Figure C3: WCE Project WBS
Figure C4: WCE Project Schedule
Figure C5: WCE Project Model

Connecting work, effort, time: Figure C4 shows a summary of the project schedule, reflecting the GC’s overall project plan, with the embedded work and predecessors of the EC’s. Figure C5 shows one section of the schedule where the EC tasks are broken down to match their WBS yet are interconnected to the overall flow. This is what builds the Project Model, interconnect Work, Effort, and Time. If a task slips, starts late, or finishes early, the interconnection of related work allowed the impacts to be visible immediately.

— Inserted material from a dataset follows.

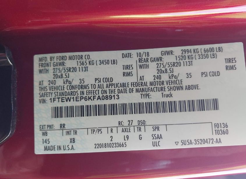 - VIN: 1FTEW1EP6KFA08913

Using 3 week look ahead for planning work and effort: Figure C6 shows how the schedule was used for the EC’s to plan their work in individual areas on a weekly basis. This is a 3 week look ahead of planned work; sometimes this planned work could be scheduled and other times not. For example, if an area showed branch rough in planned to complete in week 2 but the EC’s knew that wasn’t feasible due to waiting on some wall framing to be complete, such reasons were captured in a Schedule Impacts capture within SIS®.

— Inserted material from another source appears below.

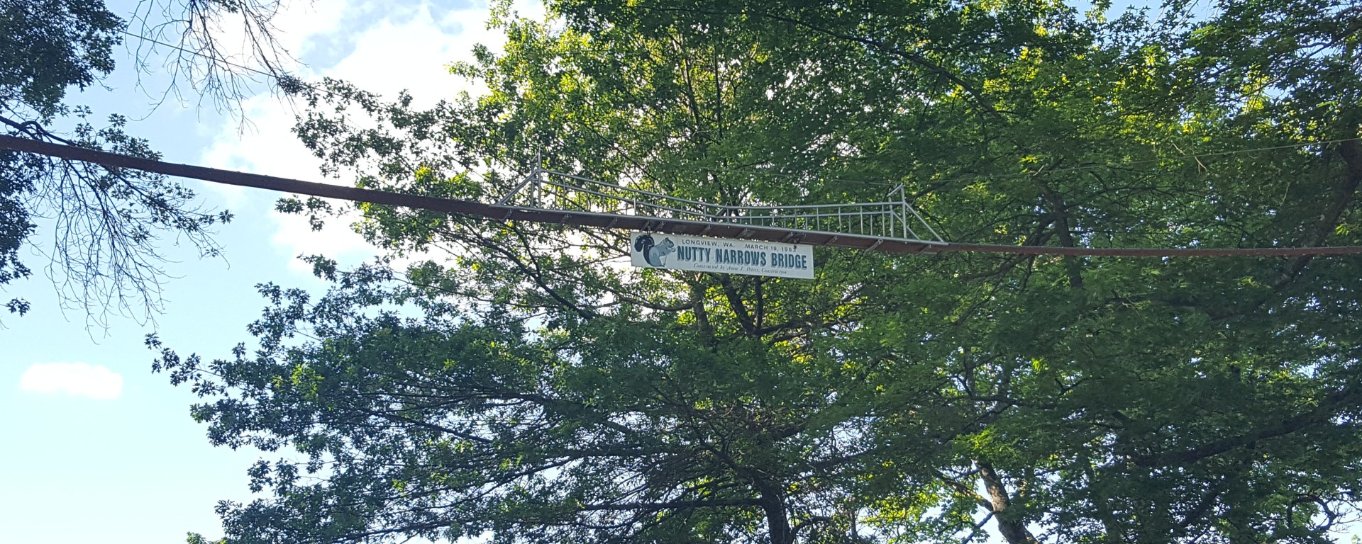It is named Nutty Narrows Bridge after the more infamous Tacoma Narrows Bridge (aka Galloping Gertie; look up the video footage on Youtube or Wikipedia, it’s insane!). That bridge collapsed (unsurprisingly) after only a few months, so clearly this little guy had a better construction model.

Figure C6: 3 Week Lookahead
Figure C7: Manpower Loading
Flattening the Curve Through Collaboration

2. Proactive “modeling” of Work, Effort, Time

Flattening the manpower curve: having more manpower onsite than available or needed can be a productivity drain for the trade contractors due to trade stacking, compression, overtime, and can lead to risks such as exposure to safety hazards. By modeling the manpower loading based on the Work, Effort, and Time interconnections, the EC’s were able to evaluate their required manpower and identify that a peak of 8-11 thousand hours in the month of October would not be ideal or potentially infeasible. In a review between EC and GC, “gaps” of opportunity were identified by WEM, LLC reflected as areas where EC resources could be available early (either onsite or through prefab) to pull ahead a sequence of work decoupled from the sequence of time. Figure C7 shows the results in the project model, flattening peak manpower to 7,000 hours. Reduce risk in the home stretch: by managing the work, effort, and time proactively, the contractors could model what needed to be done by when to open a very large and high-profile convention center “on time”, not to mention protect precious building finishes and assure all systems could be commissioned completely and timely.

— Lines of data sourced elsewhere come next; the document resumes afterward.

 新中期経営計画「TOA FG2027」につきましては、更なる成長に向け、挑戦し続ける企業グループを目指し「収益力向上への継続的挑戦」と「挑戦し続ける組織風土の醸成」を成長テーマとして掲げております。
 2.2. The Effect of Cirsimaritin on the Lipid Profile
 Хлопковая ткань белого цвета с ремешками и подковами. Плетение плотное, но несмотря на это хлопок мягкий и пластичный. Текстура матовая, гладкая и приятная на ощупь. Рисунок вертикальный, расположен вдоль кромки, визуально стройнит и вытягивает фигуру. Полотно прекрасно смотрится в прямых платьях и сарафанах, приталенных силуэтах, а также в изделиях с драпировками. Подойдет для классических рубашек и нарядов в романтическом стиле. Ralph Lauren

3. Data-based feedback from subs:

Tracking schedule impacts: the EC collected data on obstacles to daily scheduled work using SIS®, monitoring obstacles to “work” due to schedule-related “time” impacts. Figure C8 shows a Pareto chart of obstacles in July timeframe, when manpower was starting to ramp up onsite and meanwhile other trades were using traditional approaches to “just get the work done” without adhering to the sequence of time and work being coordinated between the EC and GC.

Figure C8: SIS® Summary
07/22/23 to 07/29/23
Figure C9: WCE Project Productivity
Figure C10: Productivity Impacts
Manpower Increases and Schedule Obstacles

Measuring productivity: to monitor and confirm that the schedule model was resulting in and maintaining stable productivity, the EC used JPAC® (application of ASTM E2691) for measuring productivity differential. Despite some “ups and downs”, the EC project team maintained productivity within +/- 5% of their expectation which is unheard of on a job this size. See Figure C9 for the job to-date productivity trend.

The overlay of manpower loading, productivity, and schedule impacts (see Figure C10) clearly shows that manpower increases lead to more obstacles and reductions in productivity. This data-driven project management using APS™ proves that the harmony of work, effort, and time needs to be managed and monitored.